■ DATA PROVIDED ■
----------------------------------------
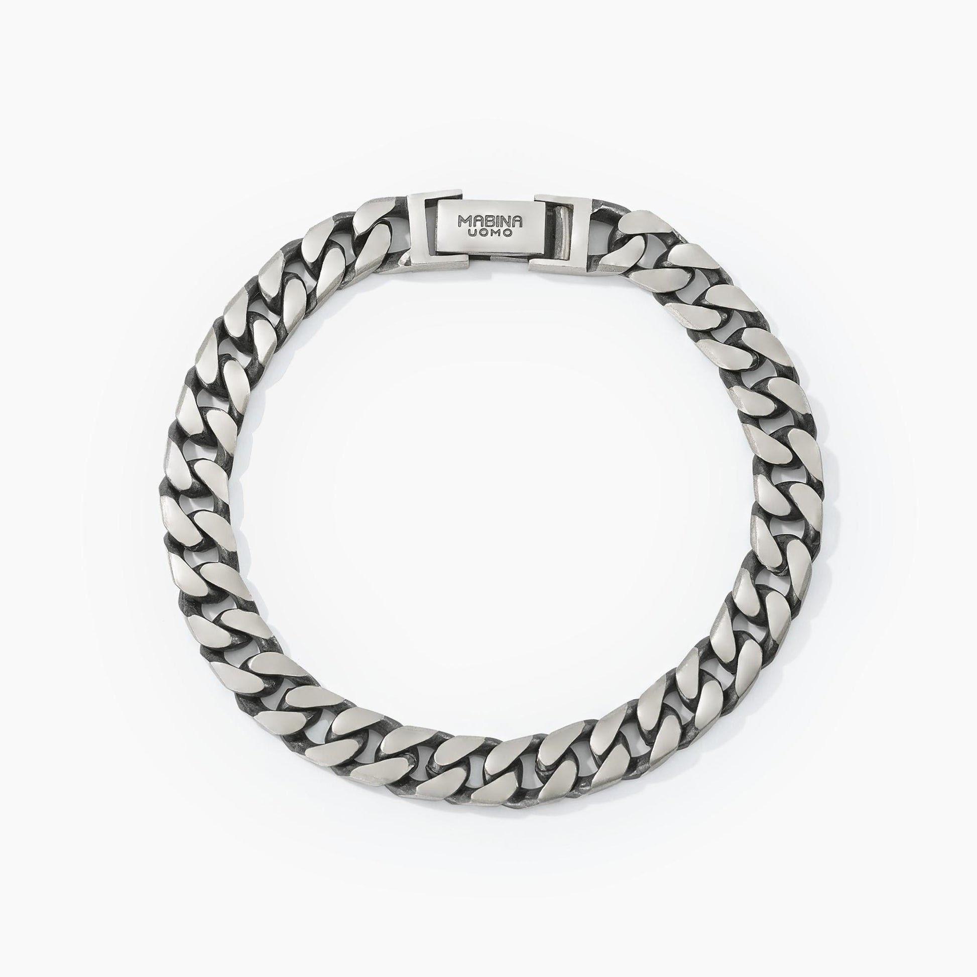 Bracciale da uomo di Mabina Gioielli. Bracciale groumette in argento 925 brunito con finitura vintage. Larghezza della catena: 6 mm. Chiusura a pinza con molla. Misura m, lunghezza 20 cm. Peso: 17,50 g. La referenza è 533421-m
----------------------------------------
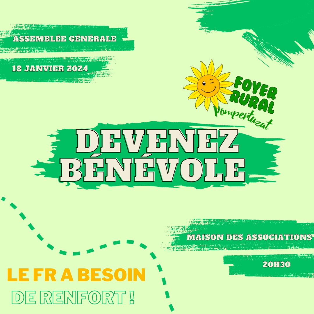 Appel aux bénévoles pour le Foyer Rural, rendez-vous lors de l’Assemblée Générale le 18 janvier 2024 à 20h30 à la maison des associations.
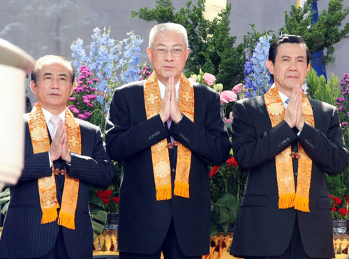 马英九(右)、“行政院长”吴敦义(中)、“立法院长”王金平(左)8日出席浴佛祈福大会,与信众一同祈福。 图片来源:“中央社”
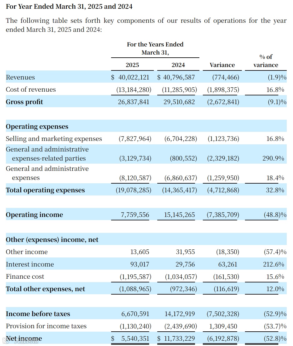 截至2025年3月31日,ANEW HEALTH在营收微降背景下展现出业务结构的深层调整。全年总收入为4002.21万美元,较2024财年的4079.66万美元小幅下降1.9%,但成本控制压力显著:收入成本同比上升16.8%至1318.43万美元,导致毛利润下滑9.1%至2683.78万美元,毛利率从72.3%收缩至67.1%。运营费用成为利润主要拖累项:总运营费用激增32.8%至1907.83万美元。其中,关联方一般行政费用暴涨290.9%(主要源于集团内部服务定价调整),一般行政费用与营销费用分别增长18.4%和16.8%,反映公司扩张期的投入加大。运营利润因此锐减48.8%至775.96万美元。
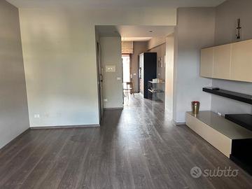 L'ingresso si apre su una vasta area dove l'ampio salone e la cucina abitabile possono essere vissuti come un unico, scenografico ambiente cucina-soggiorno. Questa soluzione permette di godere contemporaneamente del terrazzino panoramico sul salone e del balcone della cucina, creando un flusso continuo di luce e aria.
----------------------------------------
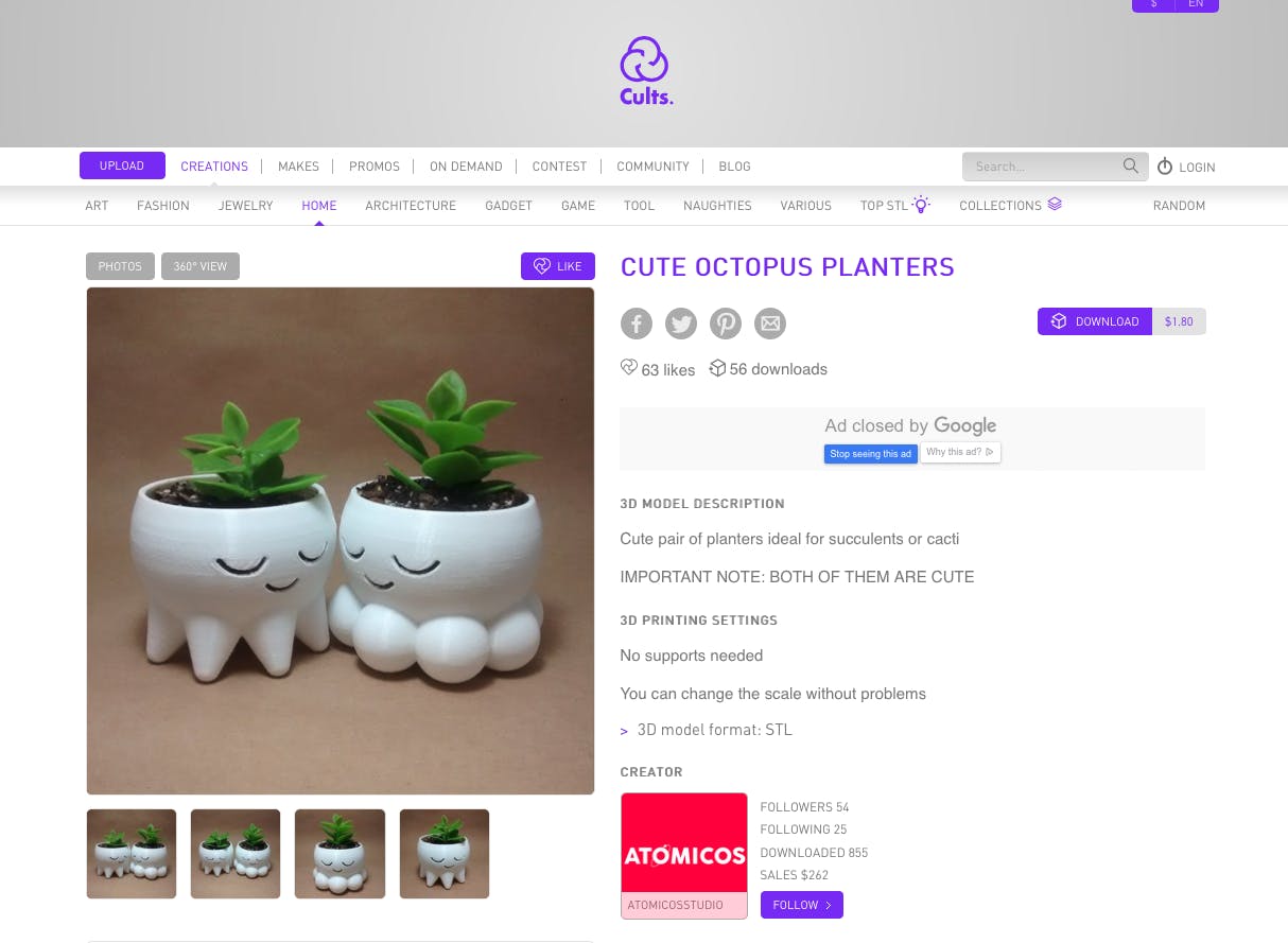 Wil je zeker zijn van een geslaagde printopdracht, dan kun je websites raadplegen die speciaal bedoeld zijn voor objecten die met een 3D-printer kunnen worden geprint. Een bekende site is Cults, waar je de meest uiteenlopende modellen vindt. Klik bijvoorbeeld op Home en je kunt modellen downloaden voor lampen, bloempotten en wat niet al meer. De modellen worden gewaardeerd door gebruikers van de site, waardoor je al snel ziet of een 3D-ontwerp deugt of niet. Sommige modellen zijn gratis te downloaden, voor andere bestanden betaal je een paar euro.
----------------------------------------
■ WHAT THIS TASK INVOLVES ■
Look above for the line with "截至2025年3月31日,A" and the line with "L'ingresso si apre"; set down those two lines and all lines between them exactly, without pictures and without anything else.

■ TASK RESPONSE ■
 截至2025年3月31日,ANEW HEALTH在营收微降背景下展现出业务结构的深层调整。全年总收入为4002.21万美元,较2024财年的4079.66万美元小幅下降1.9%,但成本控制压力显著:收入成本同比上升16.8%至1318.43万美元,导致毛利润下滑9.1%至2683.78万美元,毛利率从72.3%收缩至67.1%。运营费用成为利润主要拖累项:总运营费用激增32.8%至1907.83万美元。其中,关联方一般行政费用暴涨290.9%(主要源于集团内部服务定价调整),一般行政费用与营销费用分别增长18.4%和16.8%,反映公司扩张期的投入加大。运营利润因此锐减48.8%至775.96万美元。
 L'ingresso si apre su una vasta area dove l'ampio salone e la cucina abitabile possono essere vissuti come un unico, scenografico ambiente cucina-soggiorno. Questa soluzione permette di godere contemporaneamente del terrazzino panoramico sul salone e del balcone della cucina, creando un flusso continuo di luce e aria.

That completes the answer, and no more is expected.